───── Available data ─────

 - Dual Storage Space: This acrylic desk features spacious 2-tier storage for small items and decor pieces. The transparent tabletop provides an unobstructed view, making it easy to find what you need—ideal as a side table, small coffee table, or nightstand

─────
───── Available data ─────

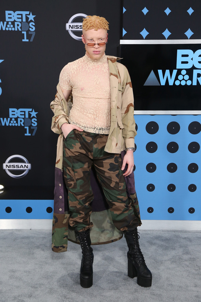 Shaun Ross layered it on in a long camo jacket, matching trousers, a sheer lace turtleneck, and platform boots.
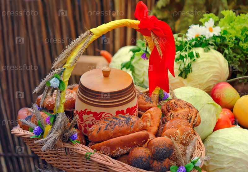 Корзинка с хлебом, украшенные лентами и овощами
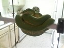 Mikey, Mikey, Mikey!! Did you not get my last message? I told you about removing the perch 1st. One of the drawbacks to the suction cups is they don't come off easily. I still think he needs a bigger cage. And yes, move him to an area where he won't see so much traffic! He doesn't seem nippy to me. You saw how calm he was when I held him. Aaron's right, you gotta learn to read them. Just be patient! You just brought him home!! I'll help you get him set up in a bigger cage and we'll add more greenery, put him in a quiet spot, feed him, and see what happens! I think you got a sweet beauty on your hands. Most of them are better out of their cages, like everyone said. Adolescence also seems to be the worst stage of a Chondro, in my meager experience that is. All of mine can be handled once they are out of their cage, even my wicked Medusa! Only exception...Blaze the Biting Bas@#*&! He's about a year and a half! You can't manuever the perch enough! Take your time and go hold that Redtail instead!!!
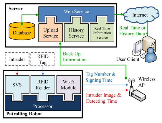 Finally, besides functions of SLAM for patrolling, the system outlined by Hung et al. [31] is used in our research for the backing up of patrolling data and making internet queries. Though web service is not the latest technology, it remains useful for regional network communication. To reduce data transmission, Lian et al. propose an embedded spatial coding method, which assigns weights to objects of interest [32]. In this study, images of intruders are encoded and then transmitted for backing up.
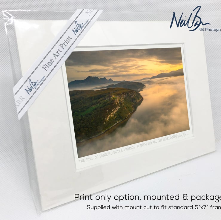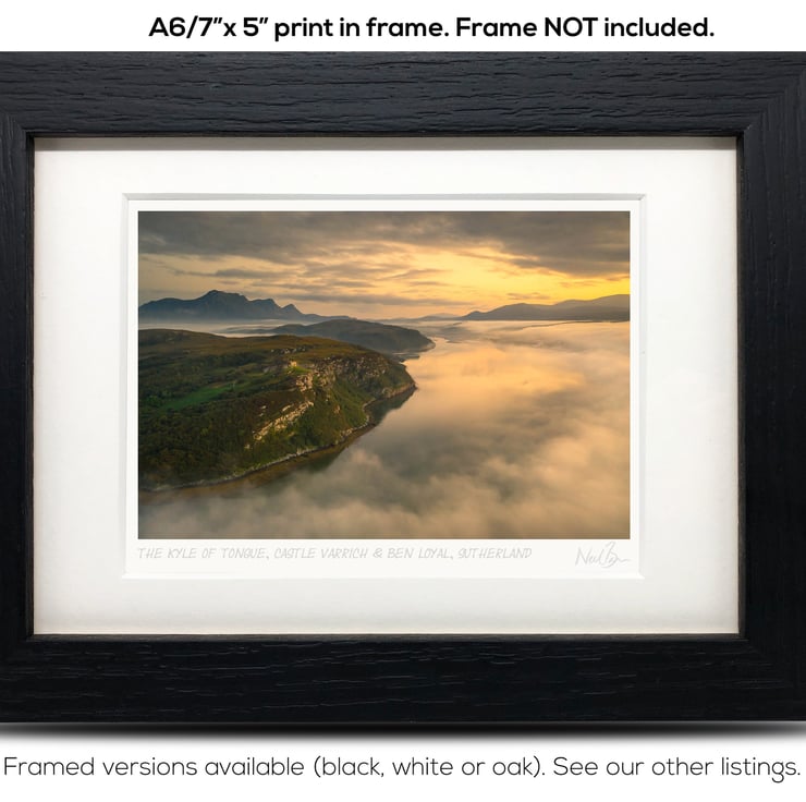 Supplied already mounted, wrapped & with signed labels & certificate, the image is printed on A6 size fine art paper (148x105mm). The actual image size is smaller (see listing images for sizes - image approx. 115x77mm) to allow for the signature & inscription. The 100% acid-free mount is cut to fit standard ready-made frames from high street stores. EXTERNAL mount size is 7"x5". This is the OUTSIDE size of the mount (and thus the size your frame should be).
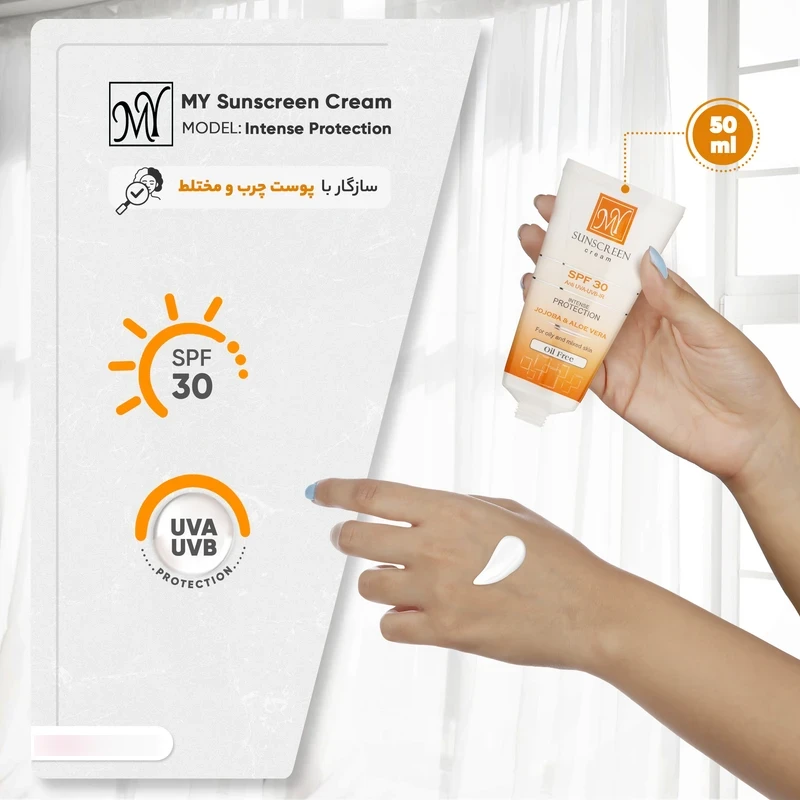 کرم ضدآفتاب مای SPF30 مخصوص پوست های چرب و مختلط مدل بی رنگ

─────

→ **Exercise prompt**:
Starting at the line above that contains "Supplied already mounted, wrapped", transcribe every line exactly through the line that contains "کرم ضدآفتاب مای", including that last one, and skip the pictures.

→ **The completed task**:
 Supplied already mounted, wrapped & with signed labels & certificate, the image is printed on A6 size fine art paper (148x105mm). The actual image size is smaller (see listing images for sizes - image approx. 115x77mm) to allow for the signature & inscription. The 100% acid-free mount is cut to fit standard ready-made frames from high street stores. EXTERNAL mount size is 7"x5". This is the OUTSIDE size of the mount (and thus the size your frame should be).
 کرم ضدآفتاب مای SPF30 مخصوص پوست های چرب و مختلط مدل بی رنگ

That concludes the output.